Будто кто рвал на клочки голубое небо и разбрасывал их на дорогах…” (“Столярный цех”).
“…Шершавая кожица ягоды прилипала к губам, пальцы пахли розовым маслом. И так тихо было вокруг, что невозможно было не почувствовать нежность утра, сгоняющего с выстриженных мышами полян молочные обрывки влажного и густого тумана” (“Ильев. Его возвращение”).
И там же: “…Океан выкатывал на песок длинные шлейфы нежной пузырящейся пены, а вдали морщился, и волны бежали там мелкие и кудрявые, как овечки”.
Видно.
Ощущается.
Пахнет снегом, пахнет ягодой, розовым маслом, океаном.
Тот же житейский материал — таежный, курильский, сахалинский, сибирский — вошел и в фантастику Г. Прашкевича. Не была предана забвению юношеская любовь. Курильские острова стали, скажем, местом действия научно–фантастической повести “Великий Краббен”, столярный цех появился в рассказе “Игрушки детства”, бытовые детали новосибирского Академгородка, где ныне живет автор, в повестях “Кот на дереве”, “Демон Сократа”, берег Обского моря — в “Соавторе”.
Зачем поэту, переводчику, прозаику Г. Прашкевичу понадобилась фантастика?

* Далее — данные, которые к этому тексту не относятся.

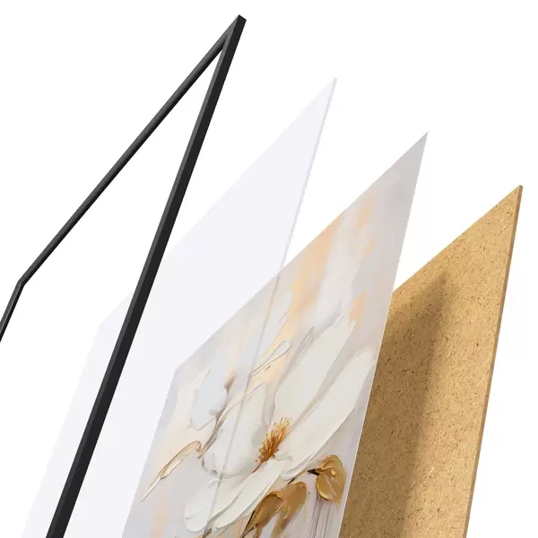 Plakat składa się z ramy, pleksi, wydrukowanego obrazu i podkładu z płyty wiórowej. Plakat można natychmiast zawiesić na ścianie dzięki uchwytom z tyłu.

К фантастике в нашем литературоведении установилось снисходительно–пренебрежительное отношение: этакая, дескать, облегченная литература, забава для детишек, отдых после уроков. Всякий раз приходится напоминать, что к фантастике обращались крупнейшие писатели, что фантастика это не только “Аэлита” А. Толстого, но и “Мастер и Маргарита” М. Булгакова, “Мы” Е. Замятина, “Трест Д. Е.” И. Эренбурга; фантастику писали Н. Гоголь (“Нос”, “Портрет”), Ф. Достоевский (“Случай в пассаже”, “Сон смешного человека”), наконец, и “Демон” М. Лермонтова, и “Фауст” Гете — фантастика.
Что же привлекало в фантастике писателей?
Прежде всего исключительность.
Происходит нечто чрезвычайное, из ряда вон выходящее, и человек, естественно, обращает внимание на исключительное. Заурядное он и так знает, а тут что‑то неслыханное, прислушаться надо, присмотреться, горизонт расширить. Чрезвычайное привлекает сразу, позволяет строить увлекательный сюжет, нагнетает волнение и тревогу.
Второе достоинство — широта, кругозор, горизонты любой дальности. Литературу, как и природу, можно любить по–разному. Альпинисты — любители природы, и садоводы — любители природы. Первые, взвалив тяжеленный рюкзак на спину, с напряжением карабкаются на вершины, чтобы, гору поправ подошвами, любоваться просторами и утверждать: “Лучше гор могут быть только горы”. Вторые, обхаживая, окапывая, удобряя редкостный цветок, цветком любуются, мурлыча себе под нос: “Умный в гору не пойдет, умный гору обойдет”. Фантастика — горная литература, ей свойственна обзорность, деталировка для нее, может, не главное. Чтобы описывать тонкие переживания влюбленных, нет необходимости сажать их в звездолет. Хуже того, звездолет будет только отвлекать от любви. Беседка для переживаний удобнее.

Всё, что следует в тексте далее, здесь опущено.